* [EXERCISE DATA]
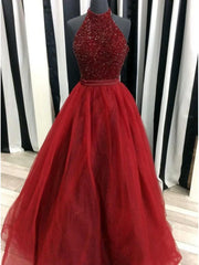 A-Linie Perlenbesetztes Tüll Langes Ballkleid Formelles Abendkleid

--

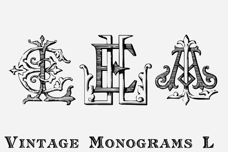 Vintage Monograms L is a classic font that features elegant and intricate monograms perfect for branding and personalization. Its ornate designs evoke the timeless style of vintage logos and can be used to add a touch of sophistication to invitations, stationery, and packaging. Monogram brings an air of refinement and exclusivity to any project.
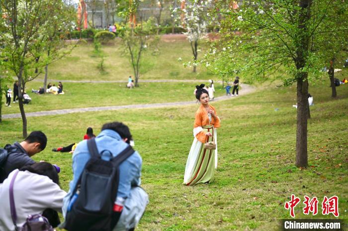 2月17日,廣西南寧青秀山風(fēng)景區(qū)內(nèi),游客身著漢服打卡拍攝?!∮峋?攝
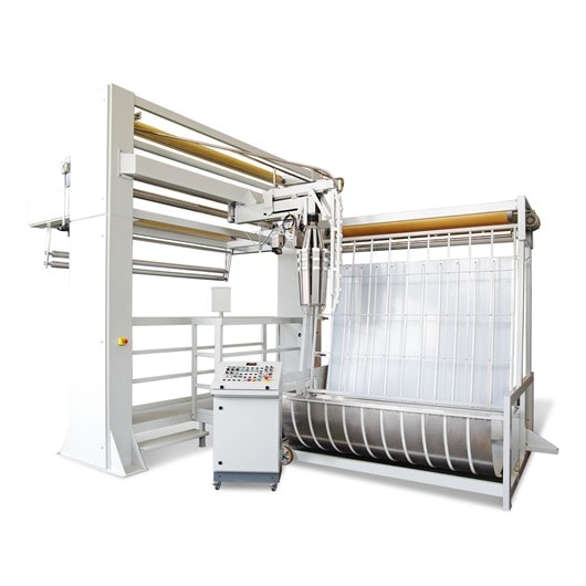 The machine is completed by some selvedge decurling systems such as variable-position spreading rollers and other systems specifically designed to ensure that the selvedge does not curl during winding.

* * *

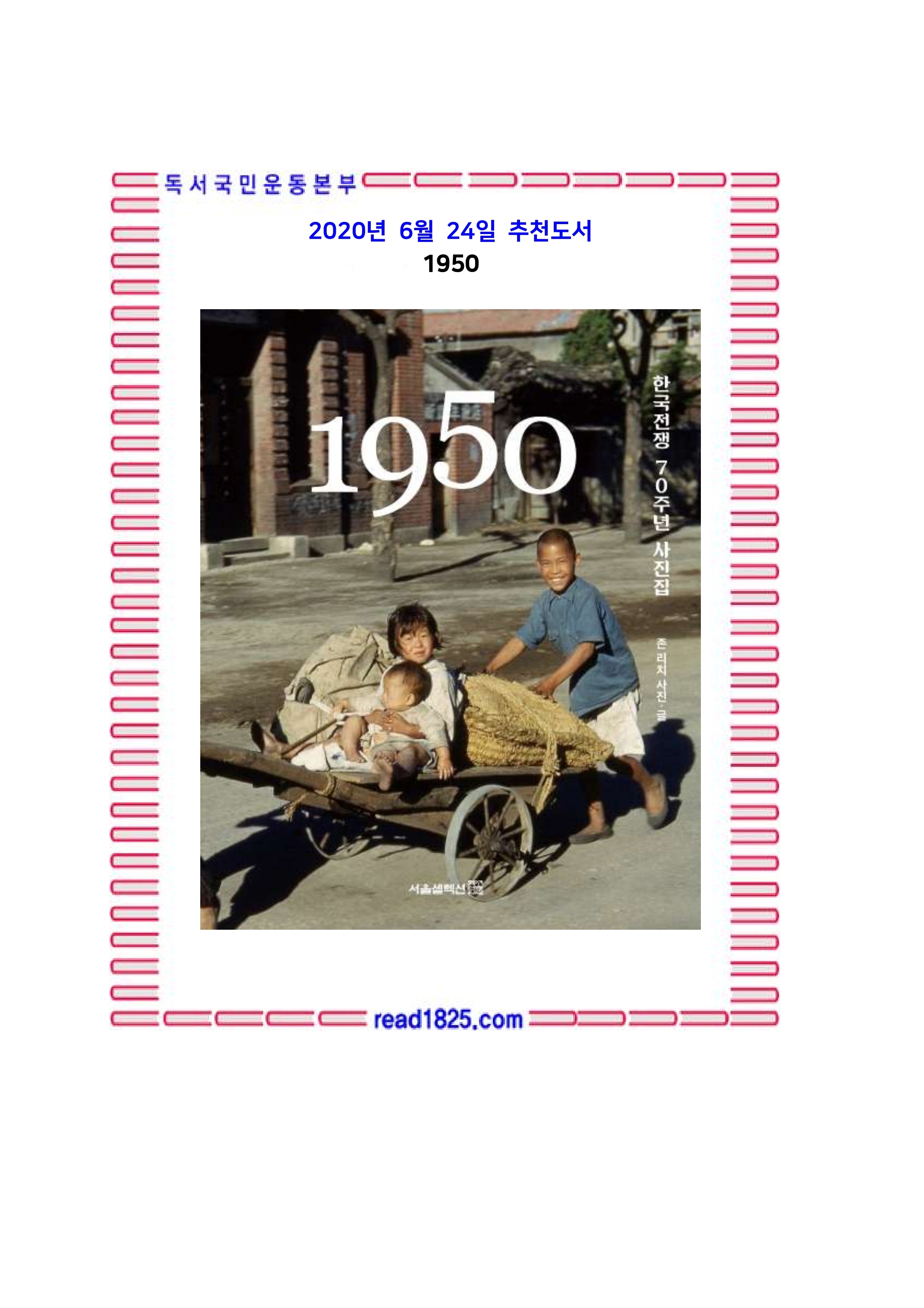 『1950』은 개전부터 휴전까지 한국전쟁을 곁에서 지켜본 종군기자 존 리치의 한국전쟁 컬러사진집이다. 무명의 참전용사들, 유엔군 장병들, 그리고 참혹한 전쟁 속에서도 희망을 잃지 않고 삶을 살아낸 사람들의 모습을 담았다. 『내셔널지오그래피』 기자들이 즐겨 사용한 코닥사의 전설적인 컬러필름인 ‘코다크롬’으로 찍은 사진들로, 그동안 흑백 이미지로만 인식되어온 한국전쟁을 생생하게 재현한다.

* [WORK ORDER]
For this exercise, set down the lines in the entries above from the one with "2月17日,廣西南寧青秀山風" through the one with "The machine is" exactly as written, without any pictures.

* [EXERCISE RESULT]
 2月17日,廣西南寧青秀山風(fēng)景區(qū)內(nèi),游客身著漢服打卡拍攝?!∮峋?攝
 The machine is completed by some selvedge decurling systems such as variable-position spreading rollers and other systems specifically designed to ensure that the selvedge does not curl during winding.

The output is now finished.